We also identify methodologies to estimate the future incidence of climate-related extreme events from previous studies. Based on climate variable projections under the climate scenarios, we obtain probabilistic estimates for the future incidence of droughts, floods, heat waves, cold waves, storms and wildfires. Using historical occurrence of the extreme events, we estimate their impacts on labor force, agriculture and electricity generation sectors.
After translating physical climate shocks into economic shocks to labor force and sectoral productivity, we investigate the macroeconomic consequences under the climate scenarios using the G-Cubed model. The results demonstrate that physical climate risk is likely to cause large economic losses in all the RCP scenarios, both through chronic climate change and extreme climate shocks.

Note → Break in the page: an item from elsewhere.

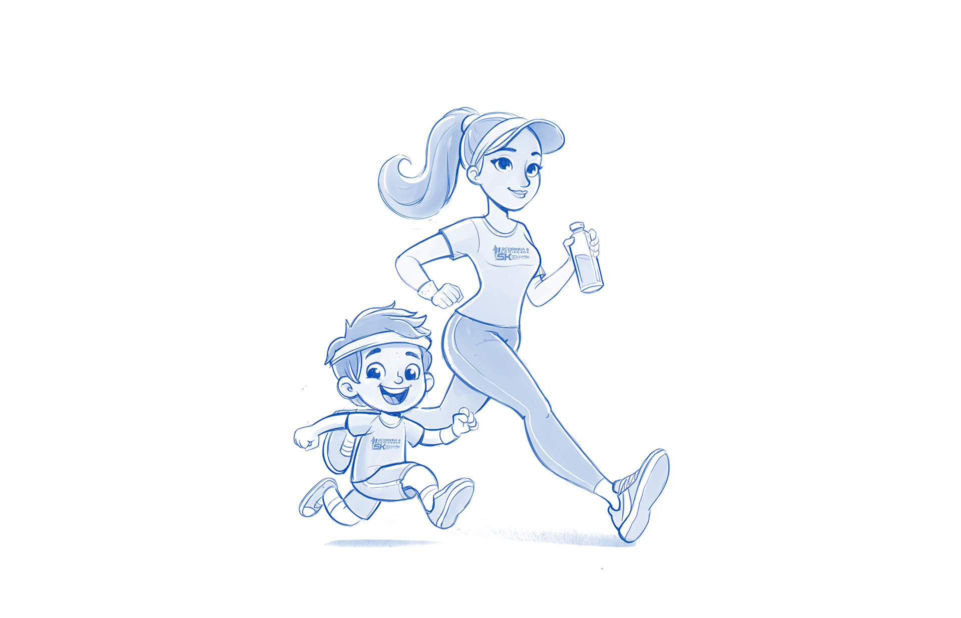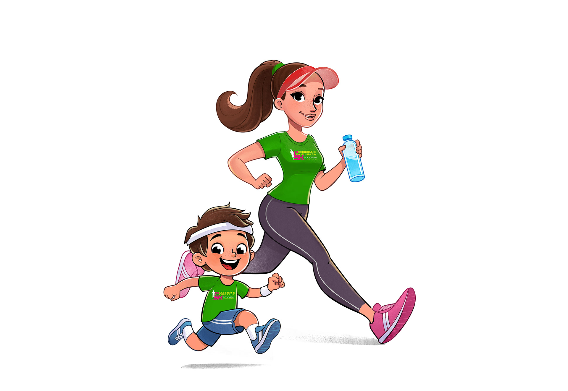 Ilustração de personagens para campanha corrida e caminhada solidária.

We explore the impact of country-specific economy-wide carbon taxes as a representative policy action to drive the global economy to achieve net-zero emissions by mid-century. Transition risks vary according to the ambition and the design of policies to reduce emissions. We do not calculate a distribution of transition risks by comparing the range of alternative policies that might be used to reduce emissions. However, the results for the particular example chosen demonstrate that there can be potentially significant costs associated with policies to reduce emissions, and the costs differ across sectors and across countries. As shown by Bang et al. (2020), the costs can vary greatly depending on the specific design of climate policy.
We also address whether changes in climate risk perceptions can significantly impact the real economy through changes in risk premia in financial markets. We calculate shocks to financial risk premia based on relationships between historical climate shocks and changes in financial market risk premia. We apply these shocks to risk premia under the RCP scenarios and find that the cost of rising risk premia can be of a magnitude consistent with historical experience. The cost appears to be smaller than the economic costs of changes in physical climate risk.
We find that chronic climate change, extreme climate shocks, and economic policies implemented to reduce CO2 emissions can have significant economic consequences. Under RCP 2.6 scenario the GDP losses from physical climate risk range between 0.6% of GDP in Australia to 3.2% of GDP in developing countries by 2050. This rises under RCP 8.5 to between 1% for the ROCED economies and 5.7% of GDP for oil exporting countries by 2050. The costs could be amplified if financial markets re-price climate-related risks with additional GDP losses of between 0.5% to 1.5% per year for all countries except Russia which experiences larger GDP losses across all scenarios by 2030.
The authors did not receive financial support from any firm or person for this article or from any firm or person with a financial or political interest in this article. They are currently not an officer, director, or board member of any organization with an interest in this article.